Kolars Shine Bright at 7th Street Entry

Kolars - photo by Laura Buhman

Kolars took Minneapolis by storm on Wednesday night. The LA duo is comprised of couple Rob Kolar and Lauren Brown. They’re known for their visually stunning live performances and their genre-bending songs.

Kolar spends his time onstage with vocals and gritty guitar while Brown does percussion with a twist. She wears tap shoes on stage and uses them on a podium made from a bass drum. She’s surrounded by other tom-tom drums and cymbals and plays them all while tapping. You’ve got to see it.

Brett Newski

It was difficult to make predictions about the artist who opened the show with a bass drum head that read “Don’t Listen To Brett Newski”. If you asked anyone after their set in 7th Street Entry they would likely advise that you should listen to Brett Newski.

Brett Newski at 7th Street Entry
Brett Newski – photo by Laura Buhman

Brett has a lot of acclaim from media outlets – including The Current. He’s been to town opening up a lot of national tours including one last year with The Violent Femmes. That’s got to be a proud feather in this Milwaukee artist’s cap.

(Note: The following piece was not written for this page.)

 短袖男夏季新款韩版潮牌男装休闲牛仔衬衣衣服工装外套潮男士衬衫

The small crowd that gathered early saw Newski emerge from backstage and take his place at the microphone. He was joined by drummer Matthew Spatola. A self-described “folk punk” artist; Newski donned an electric acoustic guitar with drawings and shapes made from tape.

Matthew Spatola at 7th Street Entry
Matthew Spatola – photo by Laura Buhman

The songs won over the audience quickly. The pair were infectiously humorous and genuine on stage. They complimented Minnesota on its “low meathead ratio,” and performed songs about dropping out of Sunday school, hypochondria, and a lot of experience with van theft.

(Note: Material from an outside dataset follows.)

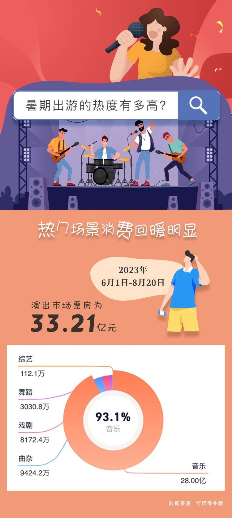 作為演出市場(chǎng)的傳統(tǒng)旺季,暑假期間演唱會(huì)、Live house、戲劇、音樂(lè)劇等各類熱門(mén)演出“一票難求”。根據(jù)燈塔專業(yè)版最新數(shù)據(jù),暑期檔中的6月1日至8月23日演出市場(chǎng)票房已經(jīng)超過(guò)30億元,而相當(dāng)可觀的跨城觀演比例,更引得除了演出票房之外的周邊產(chǎn)業(yè)一起火。“一個(gè)演出圈粉一座城”,當(dāng)?shù)芈糜谓?jīng)濟(jì)不斷涌現(xiàn)新的可能。

Newski passed a clipboard during the set with spaces for questions from the audience. They did a Q&A and even sprinkled in a cover of Beck’s “Devil’s Haircut” in the short set. Overall they were the perfect mood lifter after a day of winter weather in the spring.

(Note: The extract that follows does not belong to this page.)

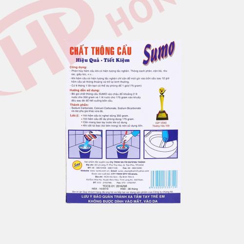 Chất thông cống Sumo giúp phân hủy cặn bã và làm sạch các đường cống khi có hiện tượng tắc nghẽn. Sản phẩm có khả năng làm sạch rêu, rác, giấy, tóc và các tạp chất khác trong nhà tắm, lavabo, sàn bếp, nhà cao tầng... Chỉ cần đổ một gói vào bồn cầu và sau 12 giờ, hệ thống sẽ thông thoáng và trở lại bình thường.

Kolars came out dressed to impress. Kolar came out in a sparkly black jacket with matching shoes, and pants with triangular metallic pieces down the sides. He also had sparkly makeup under his eyes to match.

Brown was in a dress with mirrored embellishments that resembled giant sequins. The stage lights were reflected in each one and the light danced around the stage as she played.

Kolars at 7th Street Entry
Kolars – photo by Laura Buhman

The duo quickly established their indie cred with their opening song. It was a cover of Neutral Milk Hotel’s “King of Carrot Flowers Pt. 1”. Several faces in the crowd began to smile as they recognized a more dance-worthy version of the song.

Many more of those smiles occurred throughout the night. Kolar wasn’t shy about jumping into the audience to mix up the crowd. Brown got everyone just as excited from behind her drums tapping and dancing to the rhythm. She shook her shoulders and hips as she drummed. Her energetic beat drove the performance home.

Kolars at 7th Street Entry
Kolars – photo by Laura Buhman

Their music is eclectic because they are influenced by so many different artists. At times it felt like they were channeling Elvis Presley or David Bowie. Other times felt like inspiration came from more modern artists like The Strokes and The Growlers. The crowd couldn’t get enough. They were dancing, stomping, and clapping through every song.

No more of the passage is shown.